At St John’s Presbyterian Church, Coraki, on 26 April 1941 Williams married Ida Drew, who had been taken from her parents by the Aborigines Protection Board. He built a rough dwelling and continued to work in the Casino butter factory. The family then lived for a time on the Aboriginal reserve, but in 1962 moved to a cottage in the town. In the mid-1960s Williams accepted accommodation at Tranby Co-operative College for Aborigines at Glebe, Sydney, where his work with Rev. Alfred Clint and the Co-operative for Aborigines Ltd was highly regarded. He gained employment with the Department of Main Roads and brought his growing family to their new home at Rozelle.

Having joined the Aboriginal-Australian Fellowship, Williams attended the annual conferences of the Federal Council for the Advancement of Aborigines and Torres Strait Islanders. Before the 1967 referendum, he helped in the successful campaign for the removal of the two offensive clauses in the Constitution relating to Aborigines. A member of the executive committee of the Aboriginal Education Council, he was involved with the early leadership training schools and other community development programmes. His wise counsel was appreciated.

In the 1960s the Commonwealth government was promoting the doctrine of ‘assimilation’, while Aboriginal organizations, especially F.C.A.A.T.S.I., wanted increased recognition of Aboriginal identity. Caught between two worlds, Williams was fiercely proud of his Aboriginal heritage but remained gentle and non-aggressive. In 1967 he took the leading role in a film, One Man’s Road, produced by the Commonwealth Film Unit for the Department of Interior; in it he and Ida told of their life and struggles. He was dismayed to discover that the Department of Territories used the film as propaganda to promote assimilation.

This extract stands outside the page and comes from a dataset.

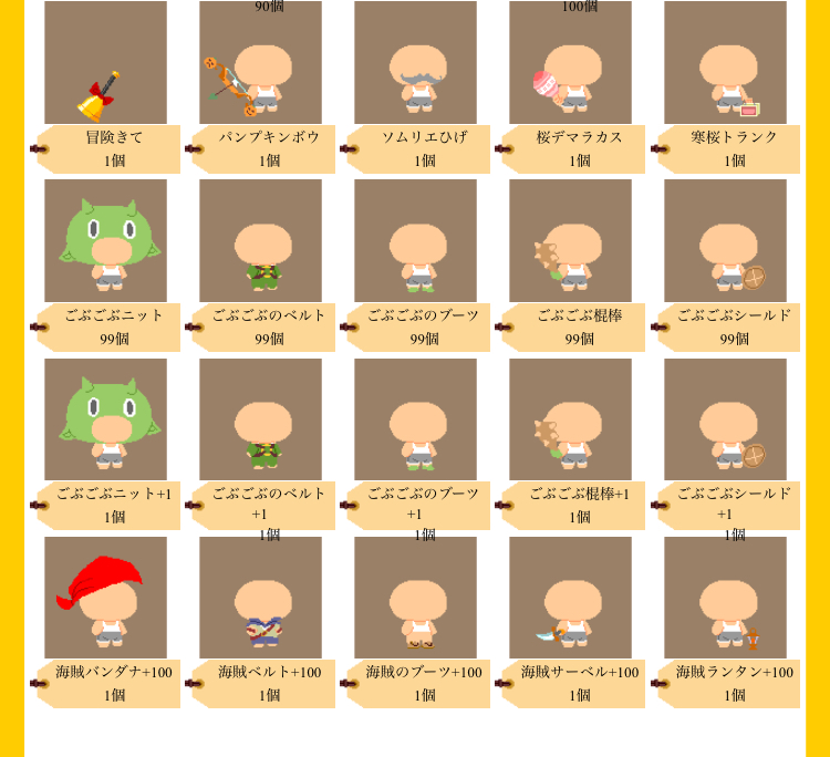 | かぼちゃ弓→200CP おひげ→1000CP 寒桜トランクと桜デマラカス→寒桜のニットか500CP ごぶごぶ未合成99個一式と+1一式→200CP 海賊+100一式→200CP で売りたい CPは100CPの浅ならどこでも ![]() [7546] | ||

Williams and his family returned to the North Coast where he quickly became involved with the community. He was a leader among a group of Aboriginal elders who worked with the administrators of the Northern Rivers College of Advanced Education towards the recognition of the interests of the Bundjalung and other Aboriginal communities in the area. Suffering from hypertension, Clive Williams died of myocardial infarction on 1 December 1980 at his Lismore home and was buried in Goonellabah cemetery. His wife, and their three sons and six daughters survived him.